> [WHAT THE EXERCISE ASKS] Take the lines from the head of the listing through the one bearing "⒈ 一种简易的音乐记谱法。约完成于十七、八世纪。现用的简谱以 1、2、3、4、5、6、7来表示" and copy them exactly, leaving every picture out.

> [EXERCISE DATA]
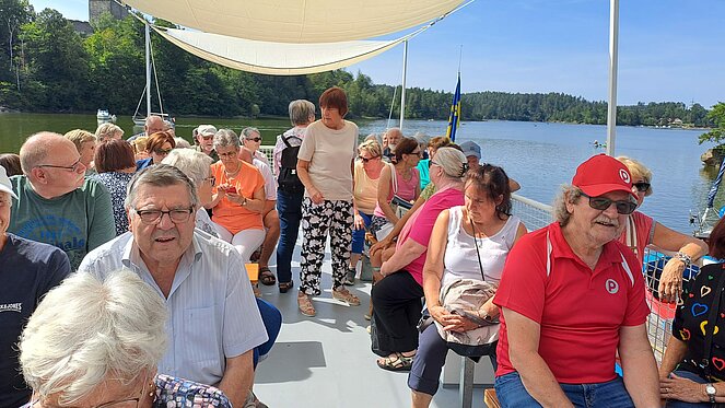 Am 23. August lud die OG Schenkenfelden zum Ausflug und der Bus war mit 50 Gästen voll besetzt. Leider konnten wir nicht alle mitnehmen, wir mussten 7 Personen auf die Warteliste setzen. Ortsgruppen von Oberneukirchen bis Wartberg waren dabei, sogar zwei Gäste aus Deutschland konnten wir begrüßen. Mit dem Bus ging`s nach Gmünd, wo wir in die Waldviertelbahn umstiegen um nach Altnagelberg zu fahren. In der Glashütte Apfelthaler gab`s eine interessante Führung und wir konnten die Glasbläser bei der Arbeit beobachten. Mittags kehrten wir im Gasthaus Schönauer in Schrems ein. Weiter ging es zum Stausee Ottenstein. Dort enterten wir die MS Ottenstein und befuhren damit den großen und kleinen Kamp. Nach Eiskaffee und diversen Mehlspeisen ging`s zurück in die Heimat. Ein gelungener Ausflug und schöner Tag für alle Mitfahrer ging zu Ende und unsere Vorsitzende Gerti Rathwallner wurde vielfach gefragt wann sie den nächsten Ausflug organisiert.
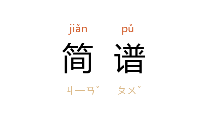 ⒈ 一种简易的音乐记谱法。约完成于十七、八世纪。现用的简谱以 1、2、3、4、5、6、7来表示 Do、Re、Mi、Fa、Sol、La、Si等七个音。在数字的上方标圆点表示高八度音,在下方标示则表示低八度音。
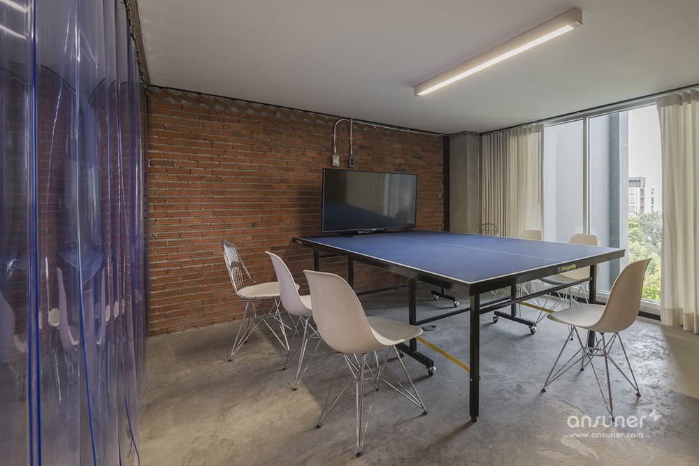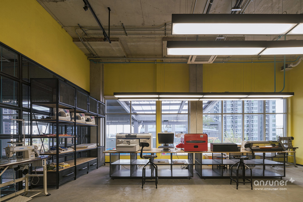 Hubba是泰国最早的联合办公平台之一,由Amarit与Charle Charoenphan兄弟在2012年创立,旨在为初创公司和独立经营者提供共享的社区工作环境。如今他们想要创建一个同之前完全不一样的新模式,于是Hubba与泰国最大的地产开发商Sansiri合作,在Sansiri所建造的住宅区的中心商场,打造了一处专供艺术家联合办公的社区Hubba-to。为了适应新的社区,Hubba提出将工作系统中的“制造”这一环节放大,以此为理念打造一个 “匠人空间”。该空间包括一些手工作坊如陶器、木工工作室、开放式烹饪厨房和摄影技术暗房等。Hubba-to还增加了用于讲座和演示的放映室,以及用于研讨会的讲习班。这样的目的意在广泛宣传他们的物联网科技,以及联合办公的共享哲学。

> [WRITTEN REPLY]
 Am 23. August lud die OG Schenkenfelden zum Ausflug und der Bus war mit 50 Gästen voll besetzt. Leider konnten wir nicht alle mitnehmen, wir mussten 7 Personen auf die Warteliste setzen. Ortsgruppen von Oberneukirchen bis Wartberg waren dabei, sogar zwei Gäste aus Deutschland konnten wir begrüßen. Mit dem Bus ging`s nach Gmünd, wo wir in die Waldviertelbahn umstiegen um nach Altnagelberg zu fahren. In der Glashütte Apfelthaler gab`s eine interessante Führung und wir konnten die Glasbläser bei der Arbeit beobachten. Mittags kehrten wir im Gasthaus Schönauer in Schrems ein. Weiter ging es zum Stausee Ottenstein. Dort enterten wir die MS Ottenstein und befuhren damit den großen und kleinen Kamp. Nach Eiskaffee und diversen Mehlspeisen ging`s zurück in die Heimat. Ein gelungener Ausflug und schöner Tag für alle Mitfahrer ging zu Ende und unsere Vorsitzende Gerti Rathwallner wurde vielfach gefragt wann sie den nächsten Ausflug organisiert.
 ⒈ 一种简易的音乐记谱法。约完成于十七、八世纪。现用的简谱以 1、2、3、4、5、6、7来表示 Do、Re、Mi、Fa、Sol、La、Si等七个音。在数字的上方标圆点表示高八度音,在下方标示则表示低八度音。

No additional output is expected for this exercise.